In the first embodiment, the temporal characteristics of the backscattered light (i.e., emitted light from the object when applying the pulsed light to the object) are referred to as “scattered light time-resolved waveform”. The scattered light time-resolved waveform is characterized in that light that has passed through only a shallow area from the surface is detected earlier, and light that has reached a deep area from the surface is detected later. The intensity of light detected at a different detection time corresponds to a light component that has a different optical path distribution. Specifically, the intensity of light detected at one detection time includes absorption information within the optical path distribution that corresponds to the detection time. Therefore, the optical absorption coefficient distribution can be estimated using an inverse problem solution technique by measuring an optical path that corresponds to each detection time of the time-resolved waveform in advance.

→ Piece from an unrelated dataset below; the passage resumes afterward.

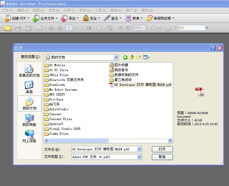 2、GX DEVELOPER 文件選擇打印機設置,打印機名稱選Adobe PDF,然后打印就行,文件就轉換為PDF了。
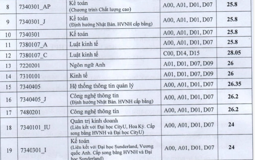 Điểm chuẩn các ngành của HV Ngân hàng cụ thể như sau:

In the first embodiment, the time-resolved waveform of the scattered light from the object is measured based on the above principle by actually applying the pulsed light to the object (skin). The optical absorption coefficient of each skin layer is calculated based on the measured time-resolved waveform, and the concentration of glucose contained in the skin dermis layer is calculated using the calculated optical absorption coefficient.

The measurement light that has entered the object travels along various paths due to the scattering characteristics of the object, exits from the object as reflected light (scattered light), and is condensed by the condenser section 304. In this case, photons have traveled along various paths. Specifically, since the light acquired as scattered light includes photons that differ in travel path, the light is expressed by the distribution waveform of the number of acquired photons relative to the time axis.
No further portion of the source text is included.